The debtors' initial argument is that the provisions of § 506(b) are not operative unless there has been a sale of the property under § 506(c). The debtors rely on the clause contained in § 506(b) which reads, "after any recovery under subsection (c) of this section." There has been no property sale in this proceeding. The debtors' contention is derived from the holding in Burns v. Home Fidelity Savings Loan Association (In re Burns), 16 B.R. 757 (Bankr.M.D.Ga. 1982). Burns, however, results from an obvious misreading of § 506(b), no other court has followed it, and neither will I. See 3 Collier on Bankruptcy ¶ 506.05, n. 3 (15th ed. 1985).

C.

The debtors next argue that the legal-fee obligation contained in the note was eliminated by reason of the state-court foreclosure merging the note into the court judgment. They assert that their proposed plan does not seek to deaccelerate the mortgage foreclosure, but to pay off the judgment over the five-year term of the plan. In City Savings Bank of Bridgeport v. Miko, 1 Conn. App. 30, 467 A.2d 929 (1983), a defendant argued that in a deficiency judgment proceeding after strict foreclosure, the attorneys' fee provision in a note would be inapplicable. The Connecticut Appellate Court rejected that argument and ruled that:

The provision stated that the payors agreed to pay "reasonable attorneys' fees incurred in the collection of any sum due hereunder."

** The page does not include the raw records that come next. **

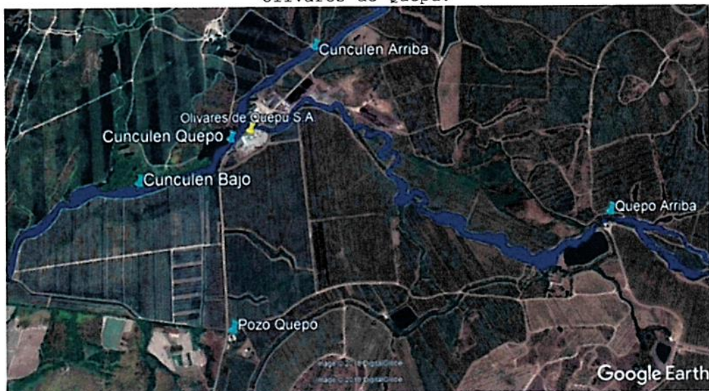
Figura 5: Lugares de muestreo aguas arriba y abajo respecto a la Planta Olivares de Quepu.

Sexagésimo sexto Que, además, se tuvieron a la vista los antecedentes del 'Estudio Técnico CER', el cual define claramente su alcance y objetivo, a saber, la determinación del estado actual de los suelos bajo la aplicación del alperujo y el efecto sobre el suelo y los cursos de aguas superficiales y subterráneas. El referido estudio -que siguió una metodología ampliamente aceptada y consensuada por el Departamento de Agricultura de Estados Unidos ("USDA") y la Sociedad Chilena de Ciencias del Suelo ("SchCS")-, se basó en la evaluación in situ de los suelos; realizó muestras de calicatas y análisis de laboratorio, en predios con y sin aplicación del alperujo; elaboró una evaluación y análisis de los perfiles, con su respectiva clasificación técnica y estableció las condiciones físico-químicas de los suelos. Adicionalmente, con el fin de establecer diferencias y similitudes entre los predios estudiados; y comparó los resultados con información de referencia oficial de otro estudio agrológico disponible en la zona realizado por el Centro de Información de Recursos Naturales 'Estudio Agrológico VII Región' de CIREN, 1997. El estudio agrológico de CIREN incluye un mapa básico de suelos, las clasificaciones interpretativas de capacidad de uso, categoría de riego, clases de drenaje, aptitud frutal, aptitud agrícola y erosión de los suelos, y estableció la influencia de la planta sobre la calidad de las aguas superficiales y subterráneas (Figura 5).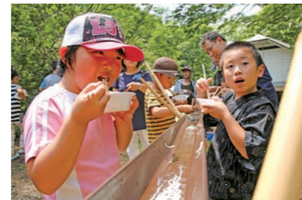
名水を使った流しそめんは大盛況

達磨部地域づくり連絡協議会が企画したイベントには、親子連れなど350人が来場。ステージでは、行山流湧水鹿踊りなどが披露されたほか、そば食い大会やスイカ割り大会などが行われ、会場は盛り上がり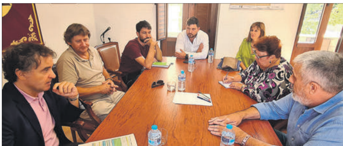
Un moment de la reunió mantinguda a Vall d'Ebo.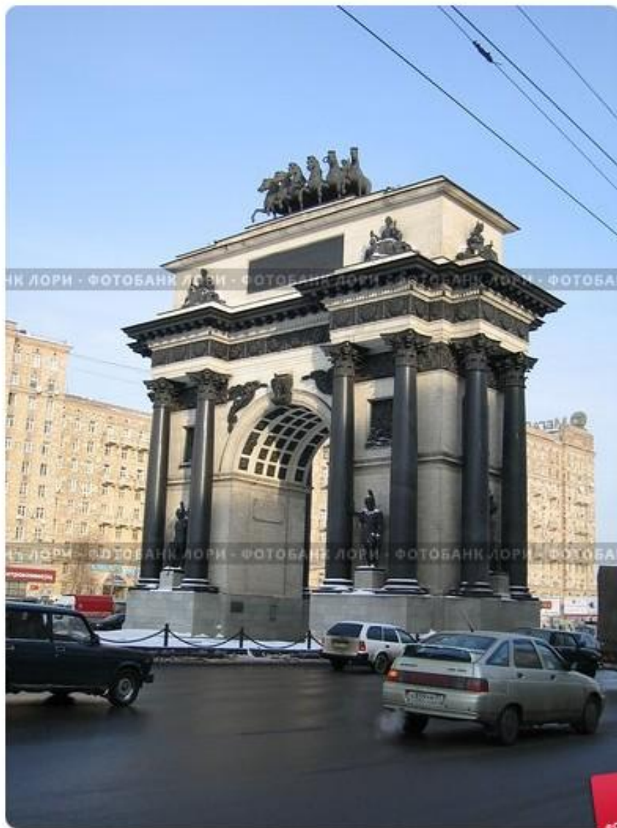
Триумфальная арка на Кутузовском проспекте в Москве

На площади нынешнего Белорусского вокзала выозвели Триумфальную арку (позднее перенесена на Кутузовский проспект), скульптор И.П. Витали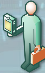
Initiative Smart Parking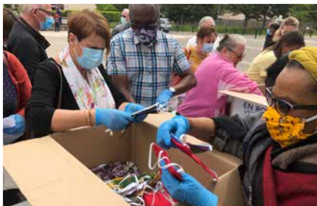
6 831 masques ont été distribués aux habitants par les élus et les bénévoles.

et à l'initiative de ce projet. Pour couvrir les besoins, il fallait en réaliser environ 700. Mais grâce à un élan de générosité, ce sont finalement près de 1 500 qui ont été fabriqués en une semaine, permettant ainsi d'en distribuer deux à chaque personne.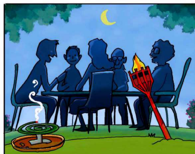
QUANDO SOGGIORNI ALL'APERTO, PROTEGGITI CON REPELLENTI AMBIENTALI. (*)

(*) Leggi attentamente le istruzioni riportate sulle confezioni.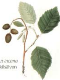
Gråal Alnus incana följer Örekilsälven söderut.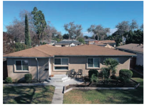
풀러톤 단층집 70만불 방4 화3 1,428sqft cul-de-sac 보시면 반하실 너무 예쁜 집. 대지 6,600sqft 최신 업그레이드/리모델링 풀러톤 최고 초중고 학군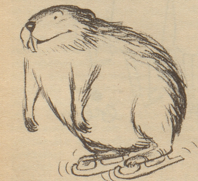
Illustrationsprobe aus «Aus meiner Menagerie»

«Jeder kennt Giovannettis fröhliche Tierzeichnungen aus dem Nebelspalter. Es bietet aber die Sammlung seiner poesievollen Einfälle in einem eigenen Bilderbuch «Aus meiner Menagerie», das im Nebelspalter-Verlag Rorschach in sorgfältigster Ausführung herausgegeben wurde, eine freudige Ueberraschung. Man blättert vergnügt und verweilt sich versonnen bei seinen Murretieren, Igel und Vögeln, die so viel Menschliches haben, daß wir uns in ihnen wiedererkennen.» Neues Winterthurer Tagblatt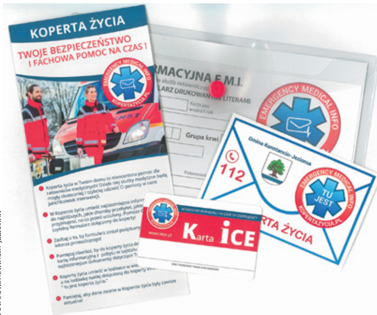
W skład koperty wchodzi formularz informacyjny, karta ICE i naklejka z numerem alarmowym

W takich właśnie przypadkach z pomocą przychodzi koperta życia. To pakiet zawierający najważniejsze dane na temat naszego stanu zdrowia. W skład koperty życia wchodzi karta informacyjna, w której obok podstawowych danych osobowych należy wpisać informacje o naszych chorobach, lekach, które przyjmujemy na stałe, czy alergiach na określone substancje. Ponadto w kopercie znajdziemy plastikową kartę ICE, na której wpisujemy numery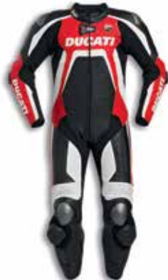
Ducati Corse |D |air® C2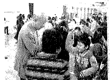
【一昨年の様子です】

東小ボランティア、スクールサポーター、ゲストティーチャー等、たくさんの方々にお世話になっています。自分たちがお世話になった皆さんに感謝の気持ちを伝えようという思いから、6年前に始まった「感謝の会」です。本年度も「ぜひ実施したい。」ということが、児童会で話し合われました。 2月1日(水) に行うことになりました。5・6年生が中心となって準備をしていきます。子どもたちが、どんな形で表すのか楽しみにしながら、支援していきたいと思えます。後日招待状をお届けします。ぜひご参加ください。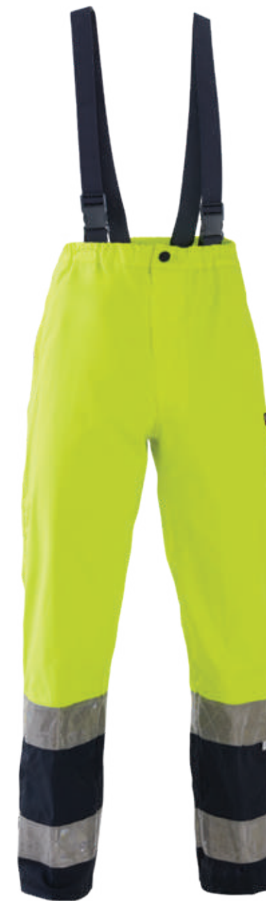
giallo-blu / yellow-blue 0700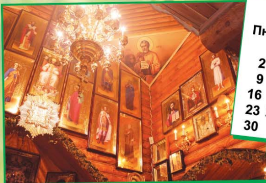
Часовня Матроны Московской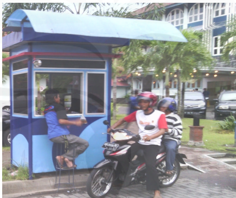
Gambar foto Petugas Karcis/Tiket Keluar Parkir Kendaraan di Rumah Sakit Panti Rapih Yogyakarta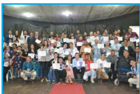
Homenageados da 2ª Festa do Esporte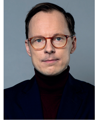
Mats Persson (L) Utbildningsminister Utbildningsdepartementet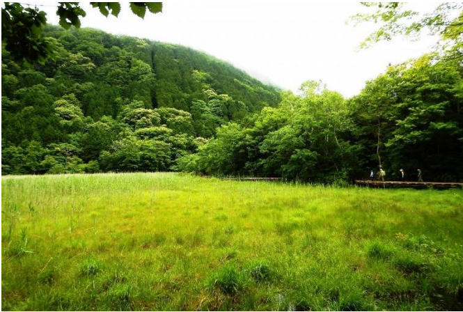
木道散策路からのヨシ沼の様子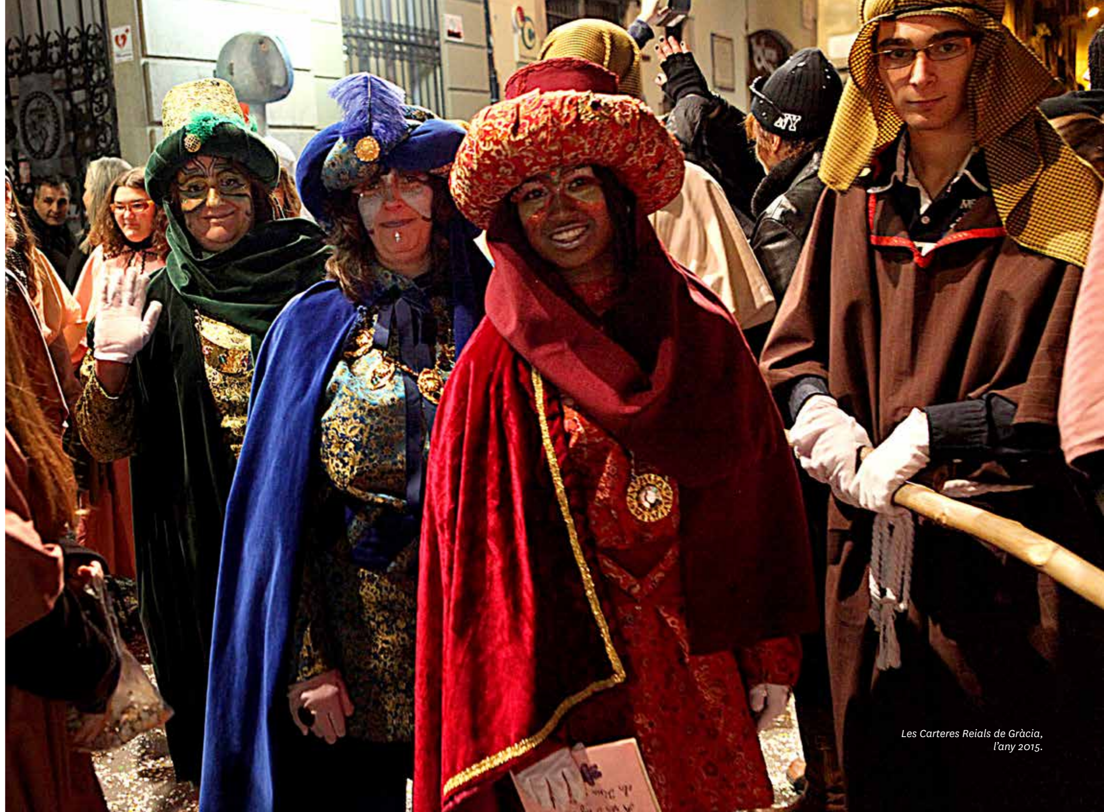
Les Carteres Reials de Gràcia, l'any 2015.

La Cavalcada recorre diferents carrers de Gràcia i acaba a la plaça de la Vila, on les Carteres Reials de Ses Majestats els Reis d'Orient, arribades amb carruatges de cavalls ornamentats, surten al balcó de l'Ajuntament mentre s'escolta El Messies de Händel i des del campanar cau una pluja de paperets. Les Carteres Reials fan un breu parlament i després, en un tendal instal·lat a la plaça, reben les cartes dels infants.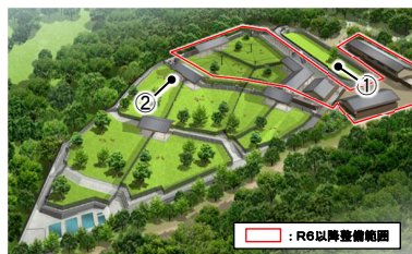
飛火野周辺地区(鹿苑)整備イメージ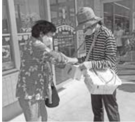
▲ サンマート人丸店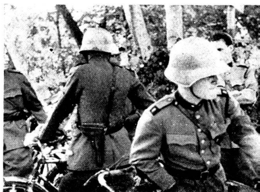
I ciclisti aspettano...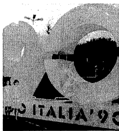
La grande scritta di Italia '90 davanti al Palaeur

procedura per stabilire la composizione dei gironi. Il segretario generale della Fifa Blatter anche ieri continuava ad insistere che tutto ormai è solo e soltanto nelle mani della capricciosa signora sorte, ma gratta gratta nonostante la sua grande abilità di poliglotta, saltellando da un idioma all'altro alla fine è costretto a dire parole «comprensibili» a tutti. Come si riuscirà a scongiurare il rischio che le teste di serie Brasile e Argentina incontrino nel primo turno le altre sudamericane Colombia e Uruguay? Blatter assicura che l'eventualità non è prevista. Ma come, non era tutta legata ai voleri della dea bendata? Ed ecco allora che le «mani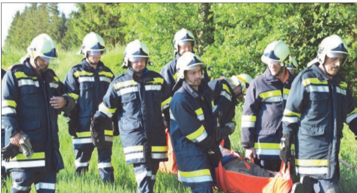
Die gesuchte Person wurde anschließend aus dem Wald getragen

im Herbst bei Dämmerung zu wiederholen, um unter noch schwierigeren Bedingungen zu üben.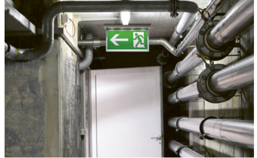
1 Signal indiquant une voie d'évacuation ou une issue de secours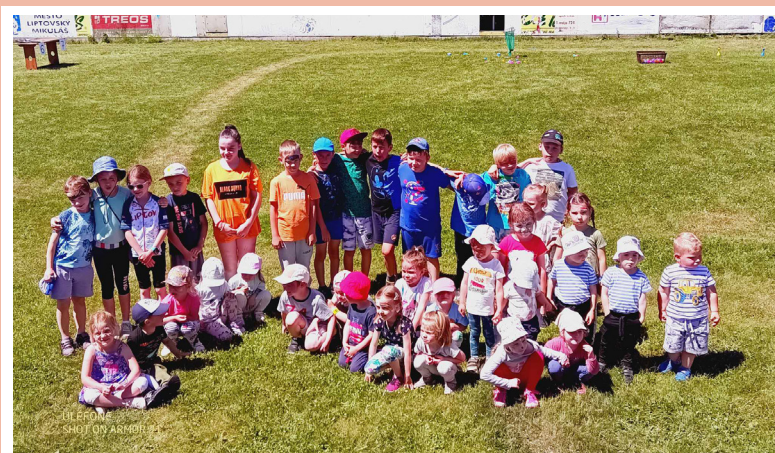
• Naše šikovné deti na športovom dni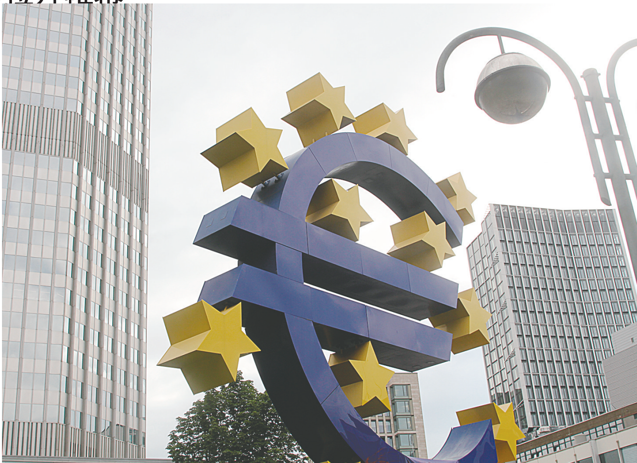
欧元对美元汇率盘中跌破1.01关口

这是7月8日在德国法兰克福拍摄的欧元雕塑。欧洲外汇交易市场8日数据显示，欧元对美元汇率继续下跌，盘中跌破1欧元兑换1.01美元的关口，创近20年来新低，逼近1比1大关。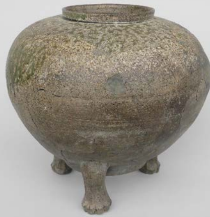
須恵器三足短頸壺 (中手田遺跡、豊丘村教育委員会蔵)

ホームページ http://www.npmh.net/ Eメール rekishikan@pref.nagano.lg.jp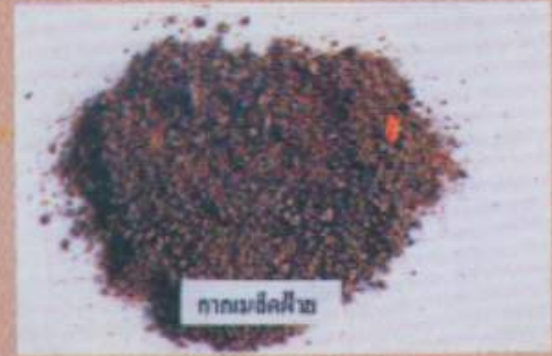
กากเมล็ดฝ้าย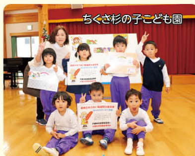
ちくさ杉の子こども園

今年もみんなで集まって人形劇の鑑賞ができないことから、市内の幼稚園、保育園・所、こども園、各町子育て支援センターに幼児向け大型絵本、パネルシアター、ヒノキ製木工玩具「キャリアカー」の3点から選んで頂いたものを贈りました。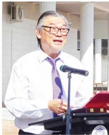
PENGARAH Pusat Kejuruteraan Inovatif (CIE), UTB.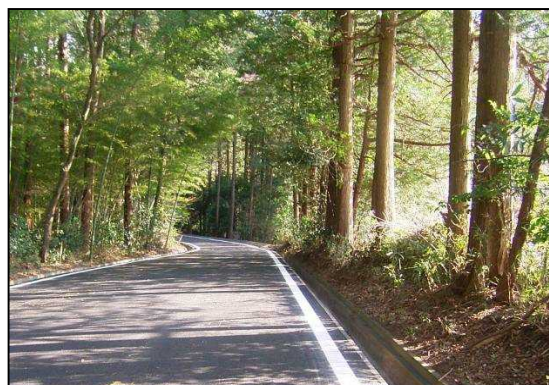
舗装された林道本戸前山線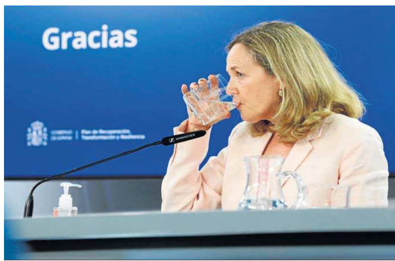
La vicepresidenta primera y ministra de Asuntos Económicos y Transformación Digital, Nadia Calviño.

Sánchez explicó en la localidad suiza que España inicia "una carrera de fondo" para convertirse en un referente en la industria de los semiconductores.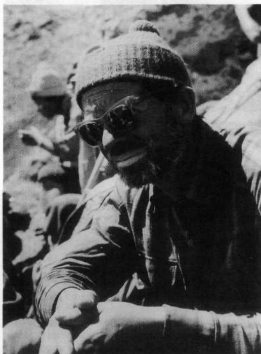
Avtor članka: heroji so utrujeni, dehidrirani in lačni, prilegla se bo dolina.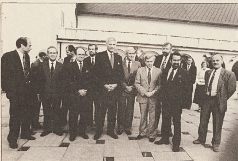
Evropska ministrska trojka na sprejemu pri slovenskem vodstvu prejšnjo soboto na Brdu pri Kranju: drugi z desne je portugalski zunanji minister Jesus de Deus Pinheiro (z brado), na Kučanovi desni sta luksemburški zunanji minister Jacques Poos ter holandski zunanji minister in vodja evropske mirovne trojke Hans van den Broek.

Prejšnji petek je bil v Ljubljani na uradnem in prijateljskem obisku, prvič po vojni, koroški deželni glavar Christoph Zernatto. Že v ranem dopoldnevu ga je sprejel predsednik slovenske vlade Lojze Peterle, nakar so se začeli uradni pogovori obeh delegacij. Pogovor je tekel zlasti o gospodarski pomoči avstrijske Koroške republiki Sloveniji. Eden od ciljev obiska s Koroške pa je bila tudi seznanitev z varnostnimi problemi jedrske elektrarne Krško ter vprašanje datuma zaprtja.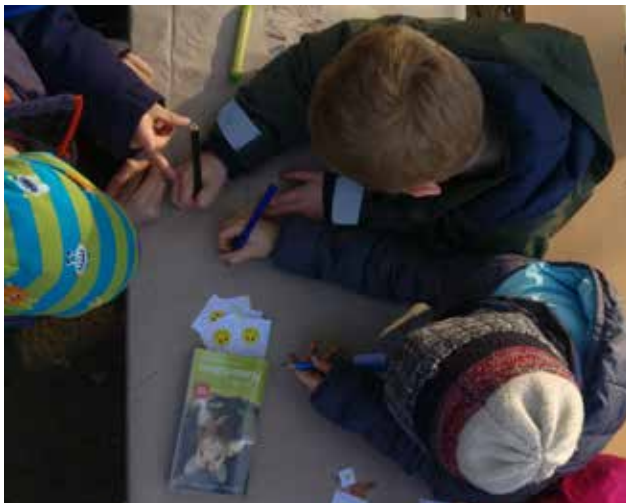
Wir suchen einen tollen Gruppennamen. Nach einem kreativen Brainstorming und demokratischer Abstimmung sind „Die Forchheimer Fische“ geboren!

General Statutes § 49-7 validates any agreement as to attorneys' fees in `any proceeding for the collection of the debt, or in any foreclosure of the mortgage. . . .' It is clear that attorneys' fees for such a proceeding are merely a continuation of the collection process whether it be deemed a proceeding for the collection of the debt or part of the foreclosure of the mortgage or both, as the case here.

Id. at 36-37, 467 A.2d 929. The appellate court did not disapprove of the trial court's alternate holding that notwithstanding a claim of merger of the note into the judgment, "the parties contemplated, and the plaintiffs intended, that the obligation concerning attorneys' fees continue until the debt was completely collected, and, therefore, the obligation could extend beyond the judgment date." Id. at 37, n. 3, 467 A.2d 929. I conclude that the FinanceAmerica attorneys' fee provision survived the state court foreclosure proceeding when FinanceAmerica required legal services in the bankruptcy court to protect its debt. See also Section D, infra.

D.

The debtors say that the language of the attorneys' fee provision in the FinanceAmerica note is limiting and should not be construed to cover costs incurred in a bankruptcy proceeding. In United Merchants and Manufacturers, Inc. v. The Equitable Life Assurance Society of the United States (In re United Merchants and Manufacturers, Inc.), 674 F.2d 134 (2d Cir. 1982), a loan document contained, as here, general language concerning attorneys' fees:

[The debtor] covenants that, if it shall default in the making of any payment due under the note, it will pay to the holders hereof such further amounts to the extent lawful as shall be sufficient to pay the costs and expenses of collection, including reasonable attorneys' fees.

Pursuant to that provision, an unsecured creditor filed a claim in the bankruptcy court for expenses incurred in protecting its interest in the bankruptcy estate. The court of appeals held the language sufficient to support such costs if "the creditor reasonably believes that the services employed were necessary to protect his interest in the debtor's property." Id. at p. 140. See also Talcott v. Wharton (In re Continental Vending Machine Corp.), 543 F.2d 986 (2d Cir. 1976) (same). In Mechanics Savings Bank v. Tucker, 178 Conn. 640, 648, 425 A.2d 124 (1979), an attorneys' fee provision was held to include legal expenses which a mortgagee incurred in participating in three bankruptcy proceedings under chapter XII of the Bankruptcy Act of 1898. The court said:

Although Chapter XII proceedings under the federal Bankruptcy Act do not impinge directly on valid security interests, we are not prepared to say that such proceedings are necessarily so remote from the interests of a mortgagee that a person in the position of the defendant, after default, can without an evidentiary showing whatsoever avoid responsibility for fees and costs actually incurred.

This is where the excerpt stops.